◆ **TASK TO COMPLETE**:
Leave out the pictures, and reproduce exactly the lines from the line containing "米軍規格MIL-STD-81" through the final line of the entries.
DATA FOR THE TASK section start
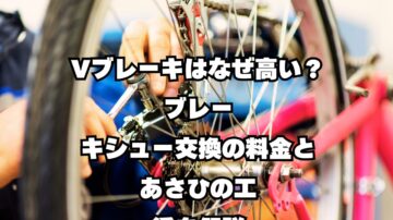 「最近ブレーキの効きが悪い…」 「ブレーキをかけると『キーキー』と嫌な音がする」 それは、ブレーキシュー(ブレーキゴム)の摩耗が原因かもしれません。ブレーキシューの交換は、安全な走行を維持するために不可欠なメンテナンスです。 費用は、主に「ブレーキシュー本体の部品代」と「交換・調整の作業工賃」の合計で決まります。特に、クロスバイクなどに使われるVブレーキやディスクブレーキは、一般車(ママチャリ)よ…
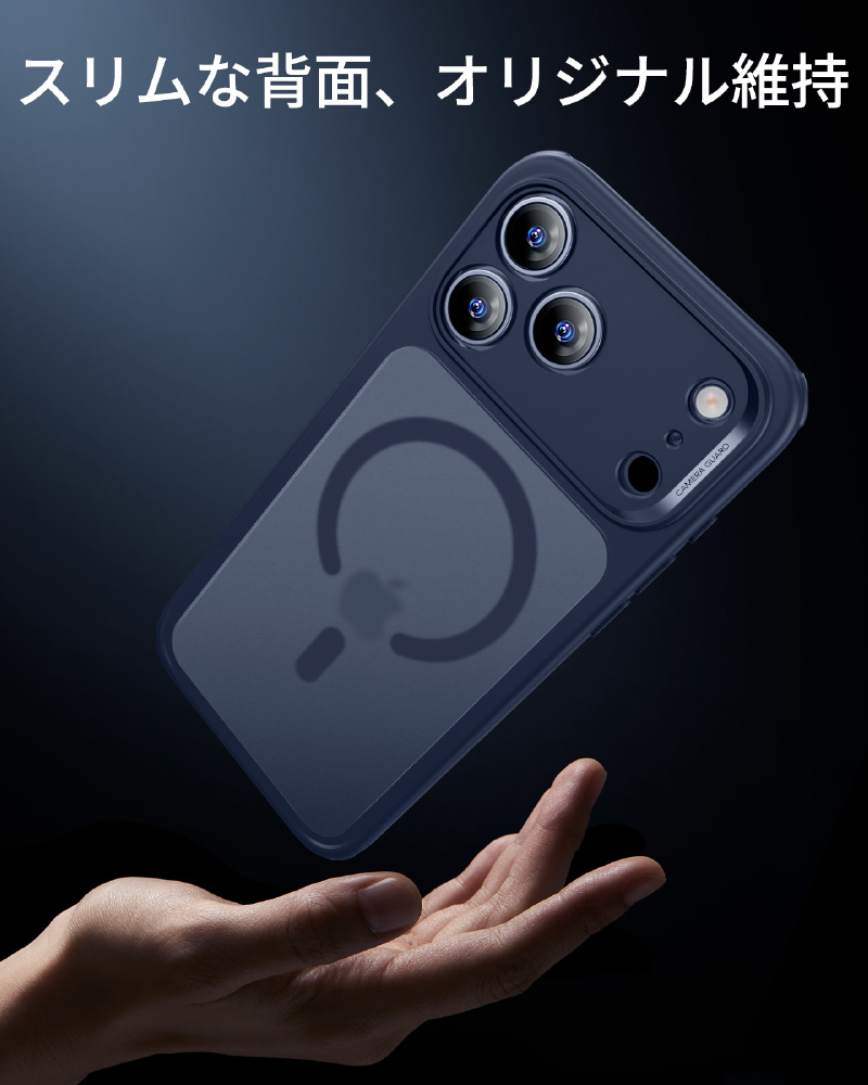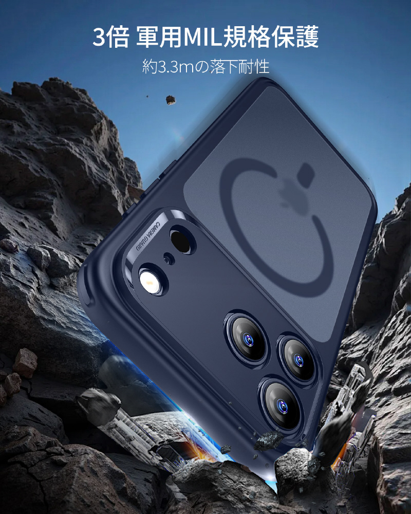米軍規格MIL-STD-810Hの落下試験に合格したエアガードコーナー(認証番号:GZMR231203686802)を採用します。コンクリートへの高さ3.3メートル落下テストにも耐える設計で、駅のホームでの使用や登山中など、アクティブなシーンでも安心できます。うっかり落とした時も、大切なiPhoneを確実にプロテクトします
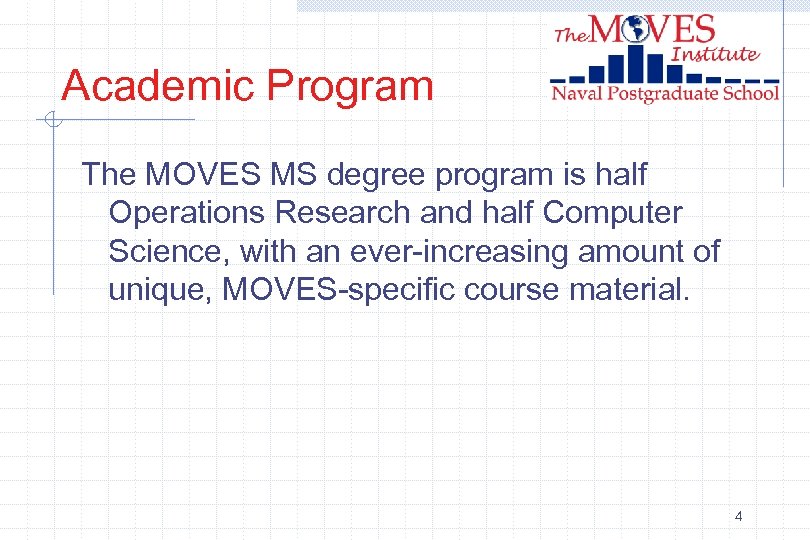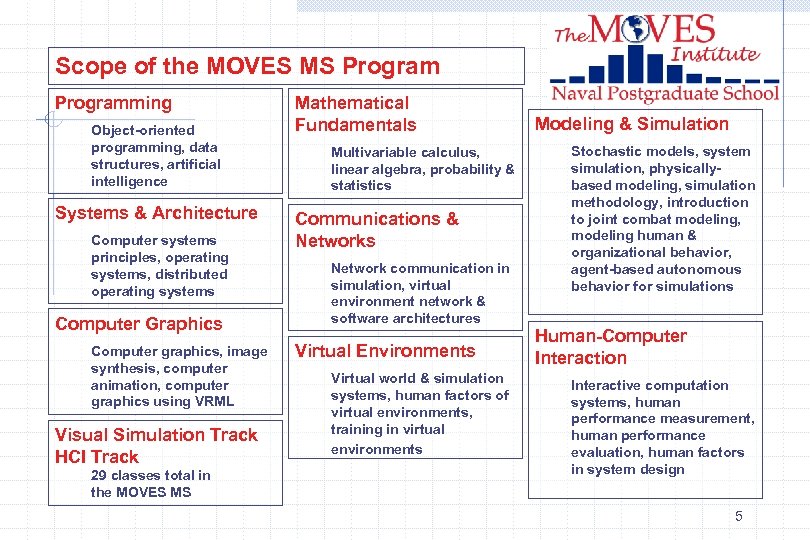 Academic Program The MOVES MS degree program is half Operations Research and half Computer Science, with an ever-increasing amount of unique, MOVES-specific course material. 4
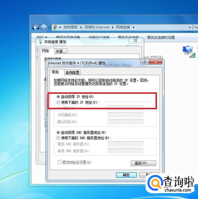在弹框内有两个选项,“自动获得IP地址”是依靠路由器或网络猫来分配Ip地址。“使用下面的Ip地址”是依靠我们指定的Ip地址来上网,也就是常说的静态Ip地址。选择“使用下面的Ip地址”,并在各项指标中填入对应的数据。
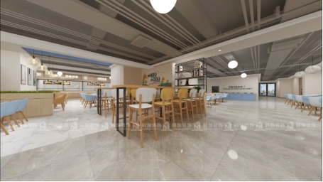 學校食堂裝修時,還要注意墻面和頂面的色彩搭配要協調。墻面采用了耐磨的材料,在人流量較多的空間區域,采用耐磨漆能夠防止出現掉漆的現象。
DATA FOR THE TASK section end
◆ **EXERCISE ANSWER**:
米軍規格MIL-STD-810Hの落下試験に合格したエアガードコーナー(認証番号:GZMR231203686802)を採用します。コンクリートへの高さ3.3メートル落下テストにも耐える設計で、駅のホームでの使用や登山中など、アクティブなシーンでも安心できます。うっかり落とした時も、大切なiPhoneを確実にプロテクトします
 Academic Program The MOVES MS degree program is half Operations Research and half Computer Science, with an ever-increasing amount of unique, MOVES-specific course material. 4
在弹框内有两个选项,“自动获得IP地址”是依靠路由器或网络猫来分配Ip地址。“使用下面的Ip地址”是依靠我们指定的Ip地址来上网,也就是常说的静态Ip地址。选择“使用下面的Ip地址”,并在各项指标中填入对应的数据。
 學校食堂裝修時,還要注意墻面和頂面的色彩搭配要協調。墻面采用了耐磨的材料,在人流量較多的空間區域,采用耐磨漆能夠防止出現掉漆的現象。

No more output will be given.